Stored dataset items:
......
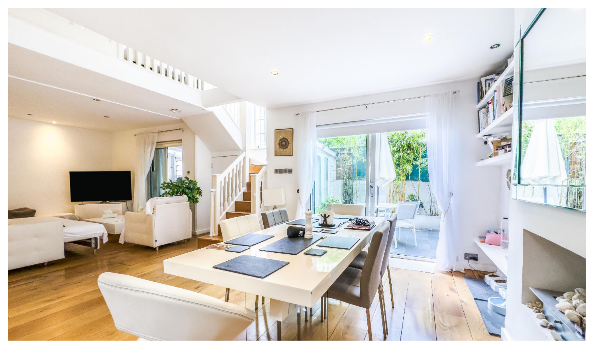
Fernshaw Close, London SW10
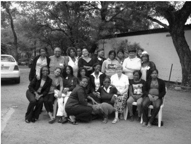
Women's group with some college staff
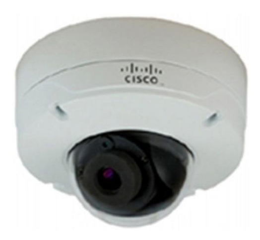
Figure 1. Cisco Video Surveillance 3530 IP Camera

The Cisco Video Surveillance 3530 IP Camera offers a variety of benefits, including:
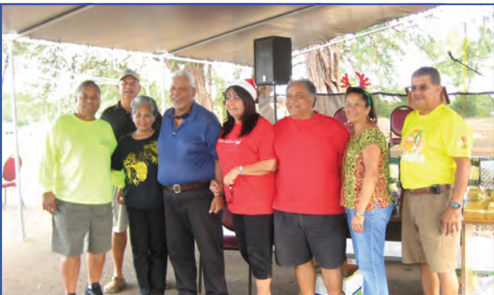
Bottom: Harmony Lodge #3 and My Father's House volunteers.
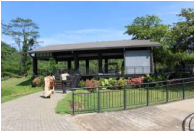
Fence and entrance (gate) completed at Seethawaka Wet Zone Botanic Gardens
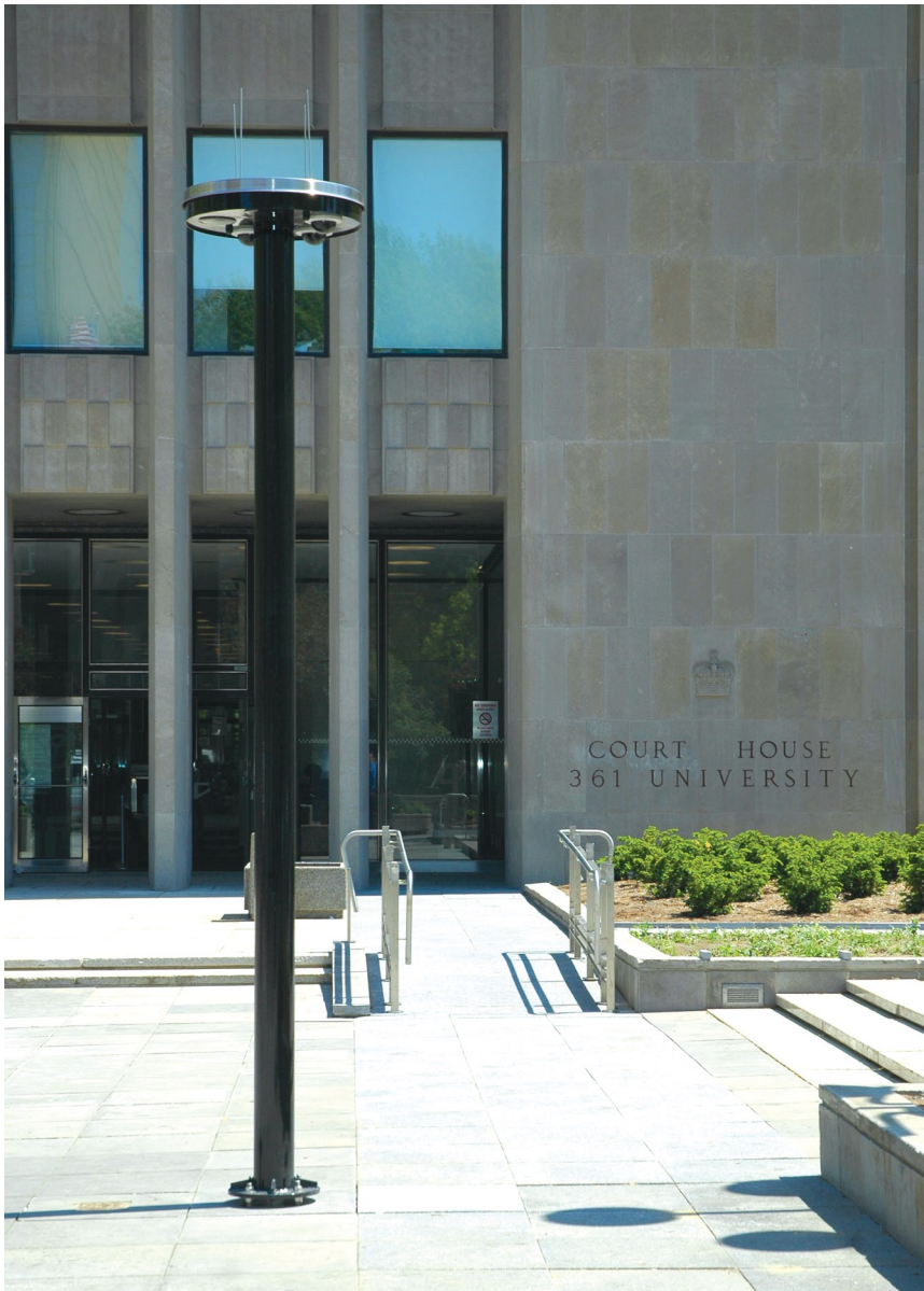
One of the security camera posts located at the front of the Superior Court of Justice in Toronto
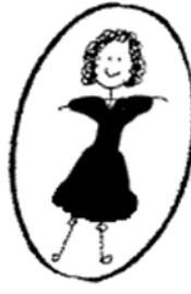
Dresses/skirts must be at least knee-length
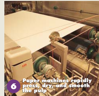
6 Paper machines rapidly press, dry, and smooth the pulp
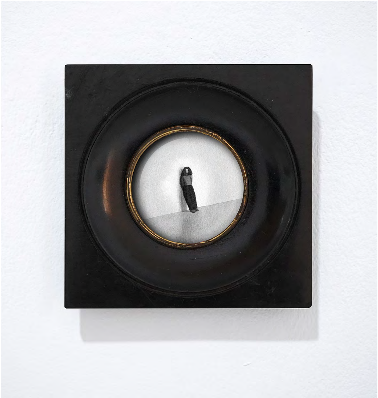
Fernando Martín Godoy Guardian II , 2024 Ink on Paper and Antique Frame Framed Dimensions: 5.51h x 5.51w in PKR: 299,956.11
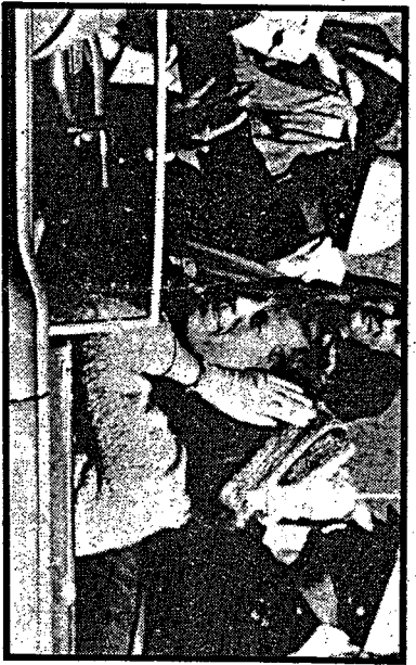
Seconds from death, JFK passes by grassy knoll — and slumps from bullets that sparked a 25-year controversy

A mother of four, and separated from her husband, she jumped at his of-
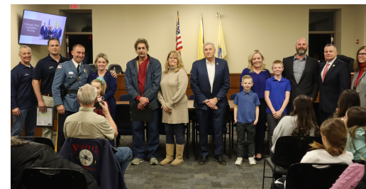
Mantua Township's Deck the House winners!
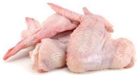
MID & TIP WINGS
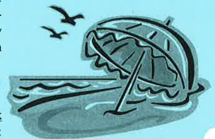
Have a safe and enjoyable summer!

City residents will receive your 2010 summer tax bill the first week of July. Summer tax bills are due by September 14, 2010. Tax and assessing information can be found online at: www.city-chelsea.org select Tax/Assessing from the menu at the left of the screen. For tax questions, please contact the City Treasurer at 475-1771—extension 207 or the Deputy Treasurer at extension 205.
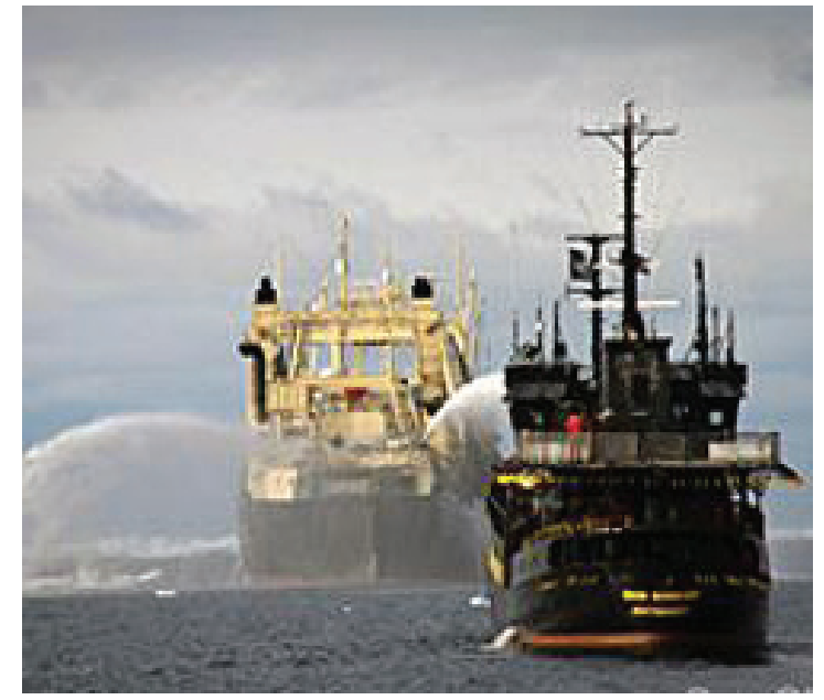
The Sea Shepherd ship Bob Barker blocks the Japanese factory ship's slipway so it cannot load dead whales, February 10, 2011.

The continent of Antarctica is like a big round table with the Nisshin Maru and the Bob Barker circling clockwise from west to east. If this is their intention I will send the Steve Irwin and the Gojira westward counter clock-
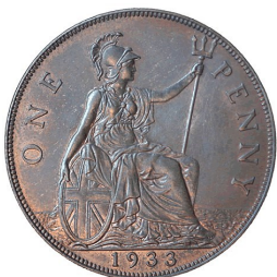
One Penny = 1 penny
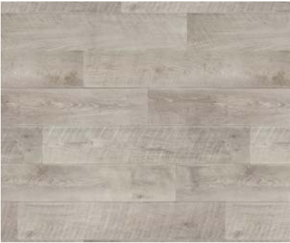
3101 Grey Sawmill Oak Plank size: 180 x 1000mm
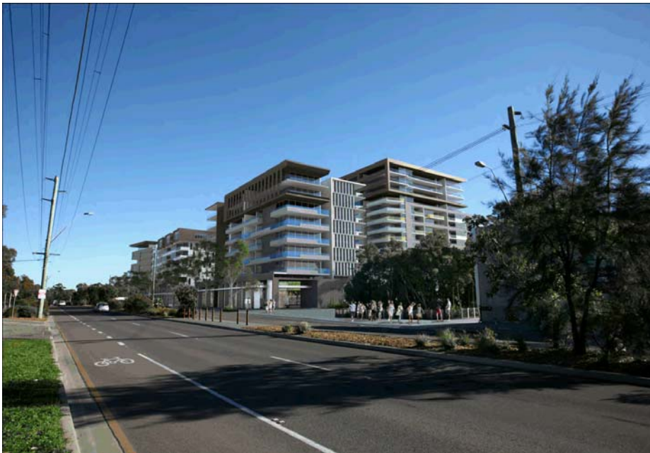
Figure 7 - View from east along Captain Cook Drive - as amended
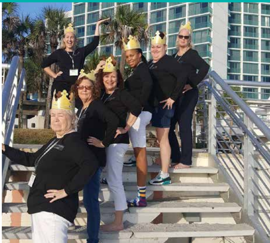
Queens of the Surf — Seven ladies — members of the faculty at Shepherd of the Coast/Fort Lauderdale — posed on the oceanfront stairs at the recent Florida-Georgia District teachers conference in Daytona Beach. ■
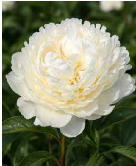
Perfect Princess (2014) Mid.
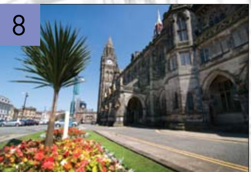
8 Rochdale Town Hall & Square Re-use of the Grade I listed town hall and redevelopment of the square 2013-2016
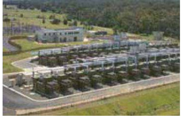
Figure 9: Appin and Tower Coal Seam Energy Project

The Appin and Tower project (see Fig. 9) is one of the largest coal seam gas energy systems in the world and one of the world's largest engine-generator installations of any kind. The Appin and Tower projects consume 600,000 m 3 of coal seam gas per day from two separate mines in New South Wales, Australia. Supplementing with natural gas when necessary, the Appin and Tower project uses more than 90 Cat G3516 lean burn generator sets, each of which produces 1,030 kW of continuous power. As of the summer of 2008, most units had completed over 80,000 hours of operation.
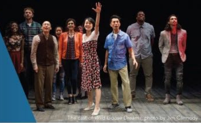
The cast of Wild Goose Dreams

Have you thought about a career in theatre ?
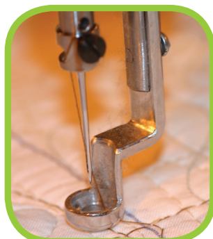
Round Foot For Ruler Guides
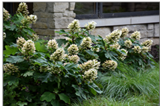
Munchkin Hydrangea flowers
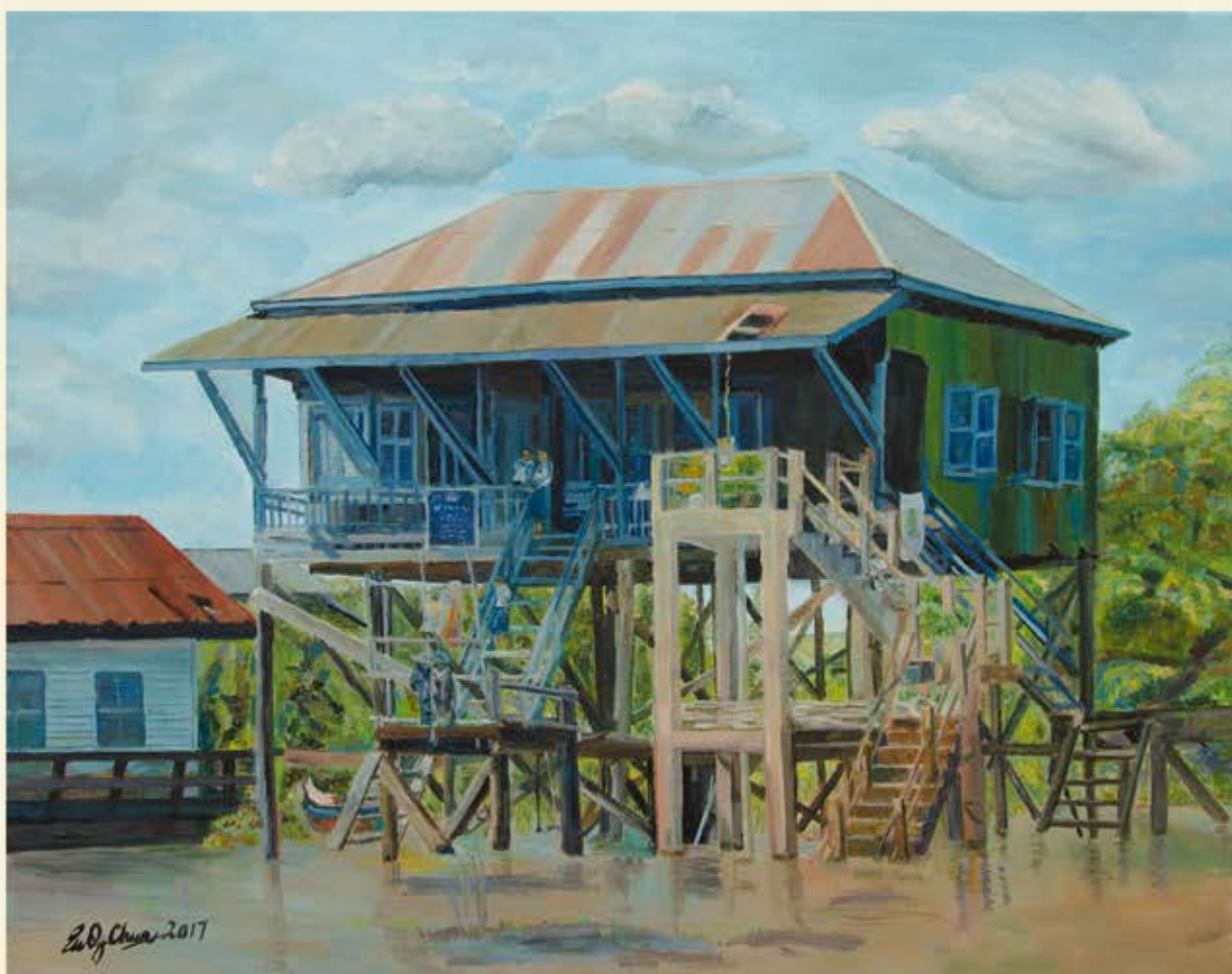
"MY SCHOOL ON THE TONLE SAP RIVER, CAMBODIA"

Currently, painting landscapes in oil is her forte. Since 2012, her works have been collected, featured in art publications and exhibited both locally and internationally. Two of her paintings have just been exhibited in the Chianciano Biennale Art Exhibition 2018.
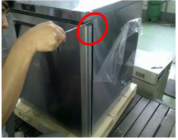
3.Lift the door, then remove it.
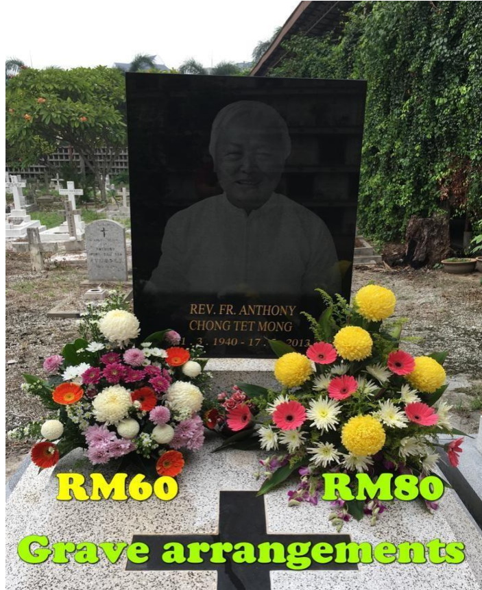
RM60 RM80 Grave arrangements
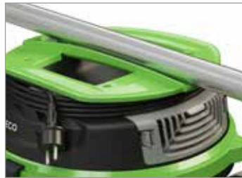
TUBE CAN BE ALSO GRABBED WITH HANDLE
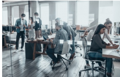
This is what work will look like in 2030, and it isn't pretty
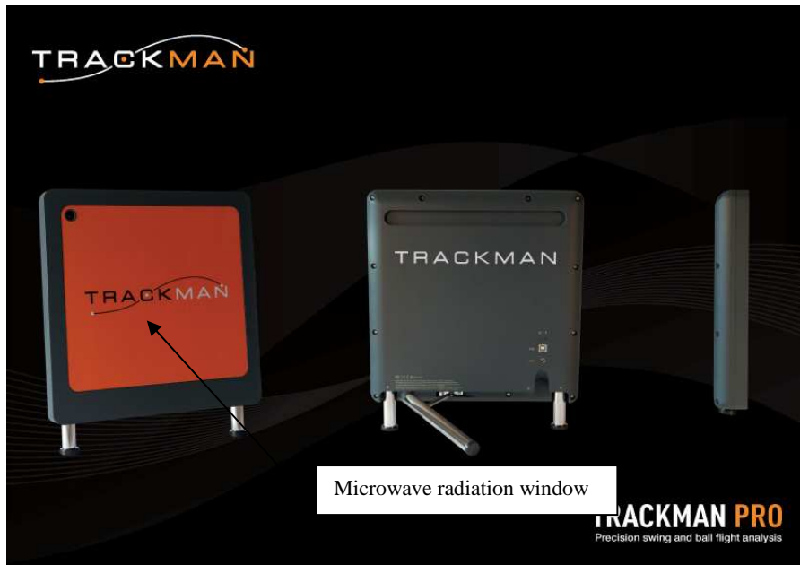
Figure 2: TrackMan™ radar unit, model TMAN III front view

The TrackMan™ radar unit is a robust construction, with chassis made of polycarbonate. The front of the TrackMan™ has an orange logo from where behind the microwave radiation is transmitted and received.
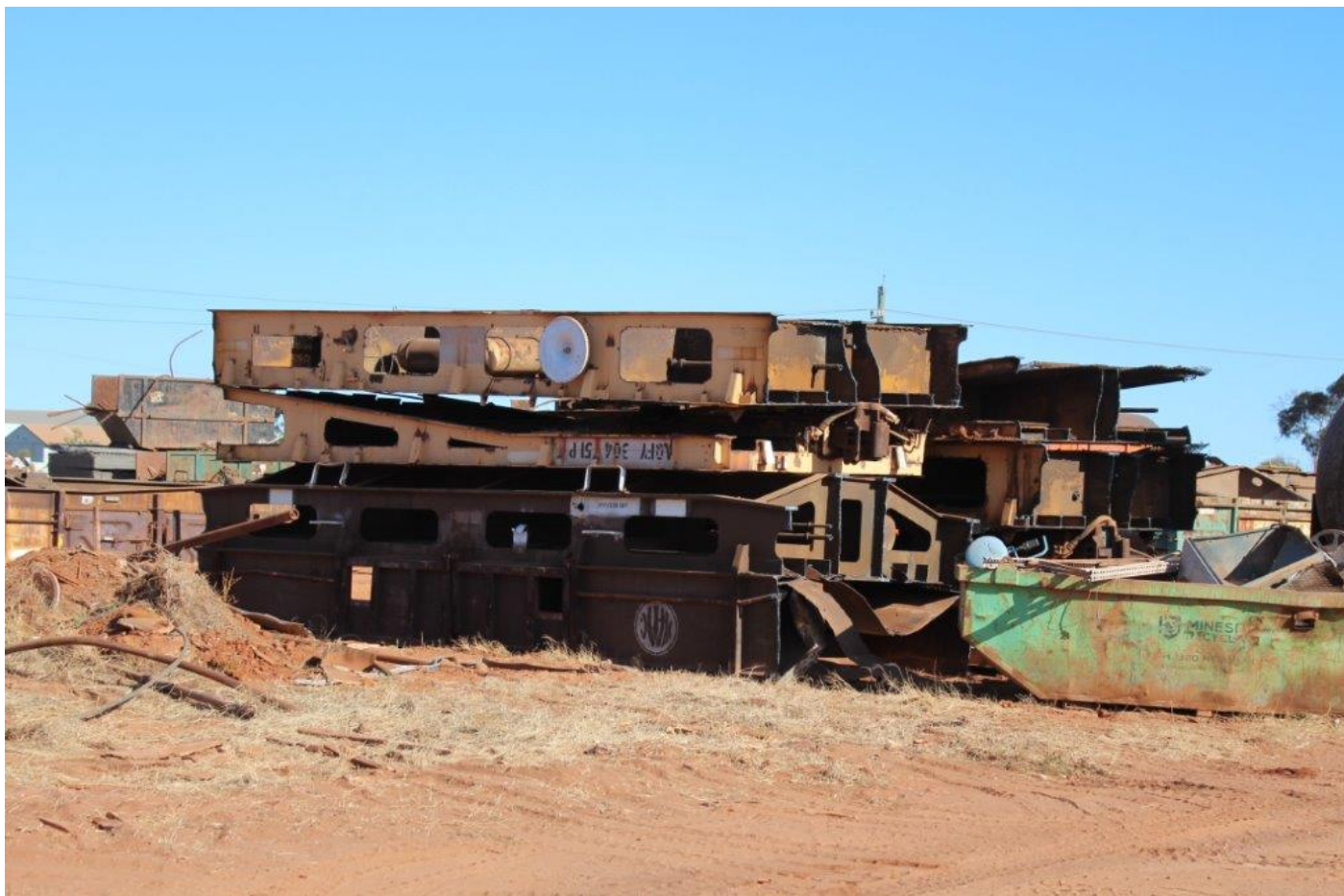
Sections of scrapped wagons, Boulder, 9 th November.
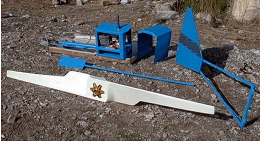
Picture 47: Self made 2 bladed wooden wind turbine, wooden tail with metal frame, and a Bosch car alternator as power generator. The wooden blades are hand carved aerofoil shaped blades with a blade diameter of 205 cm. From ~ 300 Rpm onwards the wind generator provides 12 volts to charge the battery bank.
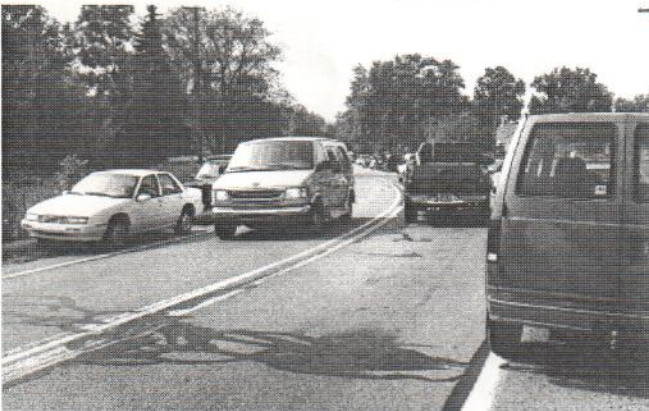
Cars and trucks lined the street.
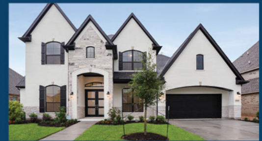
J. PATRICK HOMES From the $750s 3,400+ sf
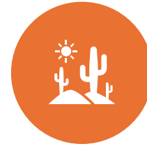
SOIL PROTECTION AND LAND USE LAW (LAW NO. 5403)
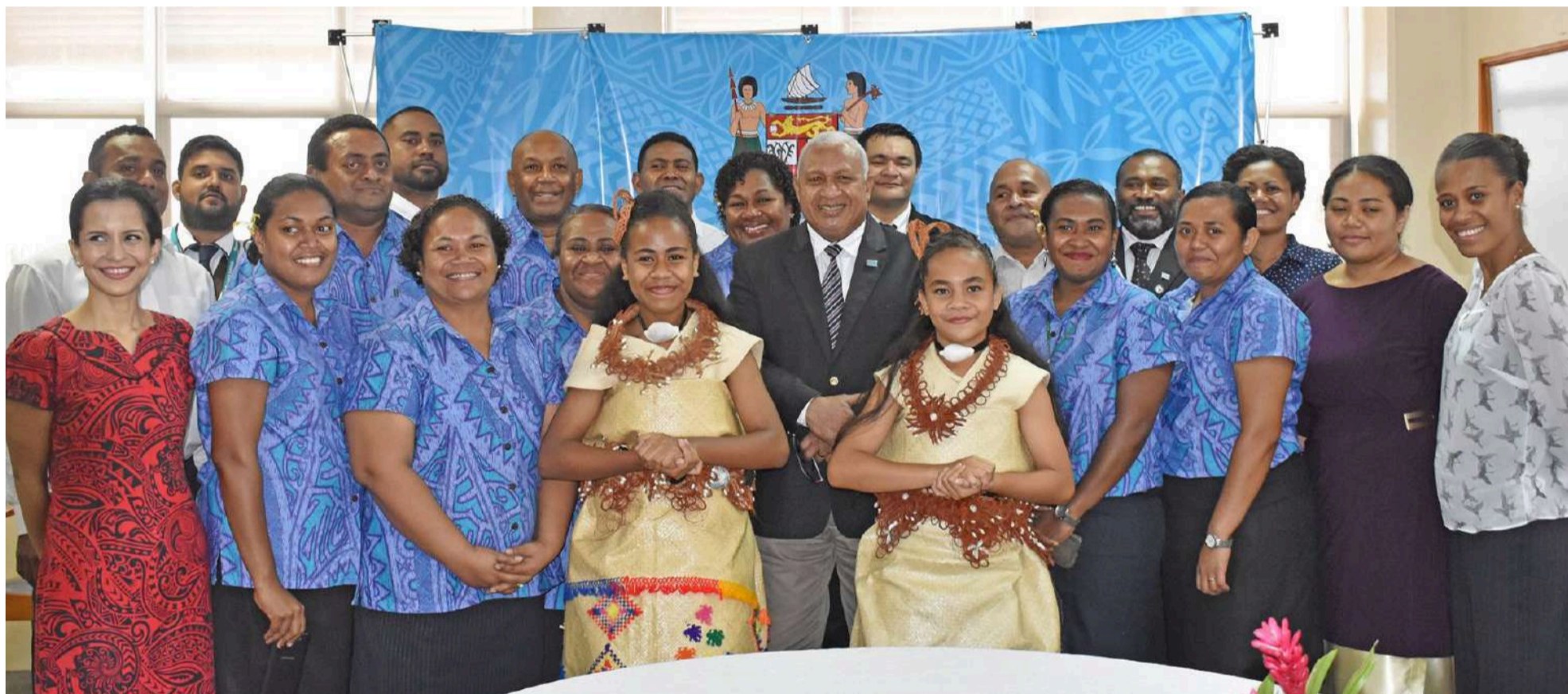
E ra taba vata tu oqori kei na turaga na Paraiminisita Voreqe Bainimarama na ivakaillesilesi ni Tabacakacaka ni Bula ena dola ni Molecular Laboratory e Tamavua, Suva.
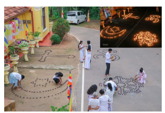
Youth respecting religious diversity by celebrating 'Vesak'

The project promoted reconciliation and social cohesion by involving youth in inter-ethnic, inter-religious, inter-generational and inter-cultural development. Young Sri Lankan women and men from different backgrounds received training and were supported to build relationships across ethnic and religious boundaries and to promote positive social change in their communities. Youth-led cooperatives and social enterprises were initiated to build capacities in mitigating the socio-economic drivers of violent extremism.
......
* [Work instructions]: The stretch to restate runs from the line above containing "TUBE CAN BE ALSO GRABBED WITH HANDLE" through the line containing "Sections of scrapped". Copy it word for word, ends included, without pictures.

* [Final answer]:
TUBE CAN BE ALSO GRABBED WITH HANDLE
This is what work will look like in 2030, and it isn't pretty
Figure 2: TrackMan™ radar unit, model TMAN III front view

The TrackMan™ radar unit is a robust construction, with chassis made of polycarbonate. The front of the TrackMan™ has an orange logo from where behind the microwave radiation is transmitted and received.
Sections of scrapped wagons, Boulder, 9 th November.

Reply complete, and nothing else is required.